▶ [Exercise requirements]:
Copy every line that contains the string "Orange" from the entries below.

▶ [Data provided]:

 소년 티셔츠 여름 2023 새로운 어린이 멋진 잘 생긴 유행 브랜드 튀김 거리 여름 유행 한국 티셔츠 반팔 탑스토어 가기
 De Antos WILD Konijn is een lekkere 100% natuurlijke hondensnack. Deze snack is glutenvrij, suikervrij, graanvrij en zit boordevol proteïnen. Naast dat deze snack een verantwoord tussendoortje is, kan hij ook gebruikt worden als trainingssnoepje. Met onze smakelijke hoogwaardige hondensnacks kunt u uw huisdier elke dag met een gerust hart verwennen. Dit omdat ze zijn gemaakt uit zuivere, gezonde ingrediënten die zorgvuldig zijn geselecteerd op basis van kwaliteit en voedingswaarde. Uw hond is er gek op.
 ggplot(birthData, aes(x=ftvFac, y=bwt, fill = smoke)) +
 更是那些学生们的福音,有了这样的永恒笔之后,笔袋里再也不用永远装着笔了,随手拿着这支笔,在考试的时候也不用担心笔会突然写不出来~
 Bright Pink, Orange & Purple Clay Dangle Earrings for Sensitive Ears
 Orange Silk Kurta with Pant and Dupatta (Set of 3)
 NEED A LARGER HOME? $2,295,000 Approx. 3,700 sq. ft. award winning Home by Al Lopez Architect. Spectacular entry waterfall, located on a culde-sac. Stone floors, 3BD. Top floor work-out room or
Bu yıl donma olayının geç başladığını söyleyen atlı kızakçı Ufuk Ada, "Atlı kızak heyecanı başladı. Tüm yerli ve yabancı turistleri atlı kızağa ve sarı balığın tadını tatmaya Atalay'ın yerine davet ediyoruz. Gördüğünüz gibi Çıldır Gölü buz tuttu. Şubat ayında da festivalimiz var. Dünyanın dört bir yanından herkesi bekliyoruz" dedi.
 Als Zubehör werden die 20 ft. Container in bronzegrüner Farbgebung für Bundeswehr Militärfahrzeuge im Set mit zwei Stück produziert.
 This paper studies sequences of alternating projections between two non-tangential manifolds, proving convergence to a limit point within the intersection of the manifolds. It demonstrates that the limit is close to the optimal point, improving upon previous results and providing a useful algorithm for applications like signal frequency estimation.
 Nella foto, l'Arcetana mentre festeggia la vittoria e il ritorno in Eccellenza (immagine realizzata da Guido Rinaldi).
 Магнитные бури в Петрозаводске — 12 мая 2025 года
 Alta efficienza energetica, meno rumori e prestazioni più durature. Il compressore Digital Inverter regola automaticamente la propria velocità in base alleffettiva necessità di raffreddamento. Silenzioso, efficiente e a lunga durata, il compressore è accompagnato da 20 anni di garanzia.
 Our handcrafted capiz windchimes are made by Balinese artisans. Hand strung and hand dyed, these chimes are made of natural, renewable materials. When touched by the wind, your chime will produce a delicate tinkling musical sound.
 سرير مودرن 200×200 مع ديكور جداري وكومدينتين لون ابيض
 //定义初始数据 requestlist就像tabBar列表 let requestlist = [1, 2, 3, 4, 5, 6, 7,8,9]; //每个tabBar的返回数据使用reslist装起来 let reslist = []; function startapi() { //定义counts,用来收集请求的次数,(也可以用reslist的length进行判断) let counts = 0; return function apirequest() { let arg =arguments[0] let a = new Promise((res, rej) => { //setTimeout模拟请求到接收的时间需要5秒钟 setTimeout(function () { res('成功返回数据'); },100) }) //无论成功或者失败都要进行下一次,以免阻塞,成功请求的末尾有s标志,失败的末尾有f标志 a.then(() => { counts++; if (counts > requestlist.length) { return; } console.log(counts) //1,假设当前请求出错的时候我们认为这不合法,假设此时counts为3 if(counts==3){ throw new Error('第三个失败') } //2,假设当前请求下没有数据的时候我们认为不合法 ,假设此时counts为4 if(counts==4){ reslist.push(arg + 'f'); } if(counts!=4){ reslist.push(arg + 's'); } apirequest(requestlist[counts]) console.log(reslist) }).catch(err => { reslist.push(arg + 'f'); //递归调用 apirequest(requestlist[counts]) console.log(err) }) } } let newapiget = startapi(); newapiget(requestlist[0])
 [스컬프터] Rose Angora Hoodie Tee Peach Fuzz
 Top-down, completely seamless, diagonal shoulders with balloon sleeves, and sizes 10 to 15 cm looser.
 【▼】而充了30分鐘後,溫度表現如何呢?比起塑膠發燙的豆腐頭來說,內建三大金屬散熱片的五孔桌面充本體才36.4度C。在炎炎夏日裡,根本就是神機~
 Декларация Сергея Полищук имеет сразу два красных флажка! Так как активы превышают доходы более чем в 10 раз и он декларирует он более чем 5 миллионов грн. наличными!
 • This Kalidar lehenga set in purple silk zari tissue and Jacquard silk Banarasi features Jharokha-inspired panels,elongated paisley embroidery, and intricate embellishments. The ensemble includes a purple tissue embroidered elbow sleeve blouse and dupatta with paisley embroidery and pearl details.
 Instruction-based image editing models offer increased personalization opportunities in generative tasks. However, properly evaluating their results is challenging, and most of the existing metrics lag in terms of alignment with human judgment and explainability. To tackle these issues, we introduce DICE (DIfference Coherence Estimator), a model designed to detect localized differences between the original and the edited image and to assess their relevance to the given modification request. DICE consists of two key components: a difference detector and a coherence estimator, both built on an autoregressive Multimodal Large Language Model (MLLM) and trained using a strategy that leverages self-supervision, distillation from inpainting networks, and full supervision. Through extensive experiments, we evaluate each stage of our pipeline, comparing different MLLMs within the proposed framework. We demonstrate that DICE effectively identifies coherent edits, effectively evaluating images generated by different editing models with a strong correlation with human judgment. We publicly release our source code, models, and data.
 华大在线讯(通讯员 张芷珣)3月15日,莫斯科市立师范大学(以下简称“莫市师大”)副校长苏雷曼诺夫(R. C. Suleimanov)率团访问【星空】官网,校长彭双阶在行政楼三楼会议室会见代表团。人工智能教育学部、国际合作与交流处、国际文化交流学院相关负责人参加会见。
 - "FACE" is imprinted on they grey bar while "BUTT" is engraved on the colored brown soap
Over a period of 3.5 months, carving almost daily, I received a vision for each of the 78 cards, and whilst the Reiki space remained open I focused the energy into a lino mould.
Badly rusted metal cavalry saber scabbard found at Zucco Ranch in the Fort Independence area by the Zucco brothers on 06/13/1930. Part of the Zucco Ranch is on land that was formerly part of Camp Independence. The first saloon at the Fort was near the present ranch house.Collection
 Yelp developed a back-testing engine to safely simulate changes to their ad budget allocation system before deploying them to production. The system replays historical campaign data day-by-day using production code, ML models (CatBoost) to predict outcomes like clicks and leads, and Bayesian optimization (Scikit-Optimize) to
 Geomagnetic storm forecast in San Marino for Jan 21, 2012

▶ [Response area]:
 Bright Pink, Orange & Purple Clay Dangle Earrings for Sensitive Ears
 Orange Silk Kurta with Pant and Dupatta (Set of 3)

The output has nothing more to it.